| | 2025.12.31

2.2: Lab - Heart Disease Prediction

Notes from CSC311 Lab 2: using decision trees to predict heart disease from NHANES health survey data, with a focus on hyperparameter tuning and model interpretation.

Overview

Goal: Predict heart disease using health survey features.

Dataset: NHANES (National Health and Nutrition Examination Survey) - 8000 samples with health/demographic features.

Key concepts:

Exploratory data analysis
Feature encoding (one-hot encoding)
Decision tree visualization and interpretation
Hyperparameter tuning via grid search
Understanding underfitting vs overfitting

Part 1: Data Exploration

The Dataset

Features include:

Demographics: gender, race/ethnicity, age, family income
Health indicators: BMI, blood pressure, blood cholesterol
Behavioral: drinks alcohol, calories consumed
Symptoms: chest pain history

Target: target_heart (1 = has heart disease, 0 = doesn’t)

Why Balance the Dataset?

The real prevalence of heart disease is ~8%. We artificially balanced to 50/50.

Why? With 92% negative cases, the model would learn to always predict “no heart disease” and achieve 92% accuracy while being useless for detection.
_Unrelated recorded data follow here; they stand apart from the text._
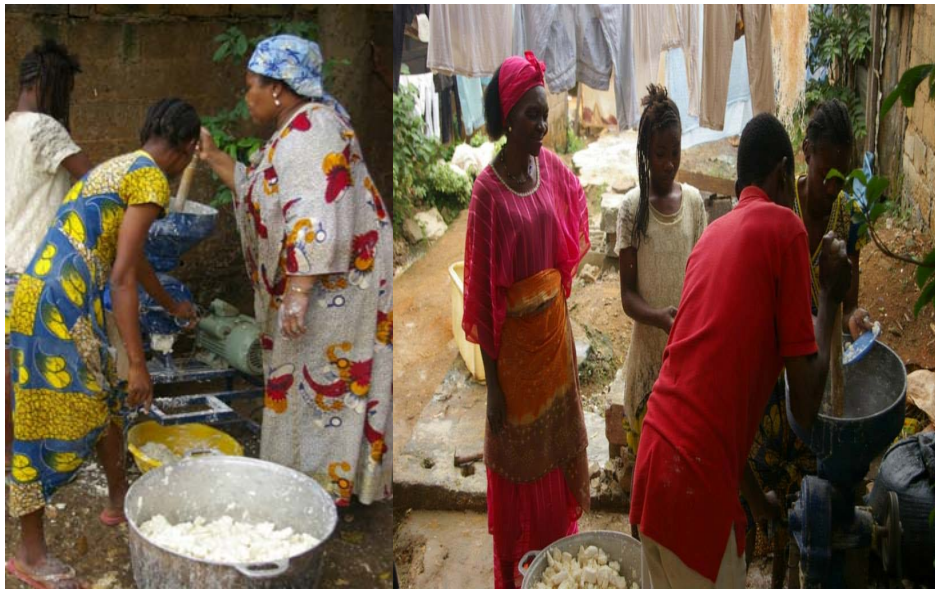
Imagine 3 le ragazze madri stanno macinando la manioca.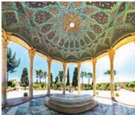
نقش آرامگاه حافظ در شیراز نمونه‌ای زیبا از ترکیب معماری ایرانی-اسلامی

۳۱- به چه دلیل، فرهیختگان ایرانی، افق دید و باورشان از اسلام، بسیار ژرف تر از دایره تنگ نظری های خلفای اموی و عباسی بود؟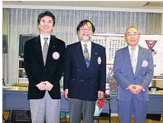
お揃いで記念撮影

Balanced data forces the model to actually learn distinguishing features.

Exploratory Analysis

Informative features (show clear differences between groups):

Age: Heart disease patients tend to be older
Chest pain: 50% of heart disease cases reported chest pain vs only 20% without

Less informative features (similar distributions):

Blood cholesterol: Similar between groups
Drink alcohol: Nearly identical proportions (~70%) in both groups
Calories, BMI: Overlapping distributions

Part 2: Feature Encoding

Why One-Hot Encoding?

Decision trees split on thresholds like feature < 2.5. For categorical variables with arbitrary numeric codes (e.g., race: 1=Mexican American, 2=Hispanic, 3=White…), this creates meaningless groupings.

Problem: Split race < 2.5 groups Mexican American and Hispanic together against everyone else, based purely on arbitrary numbering.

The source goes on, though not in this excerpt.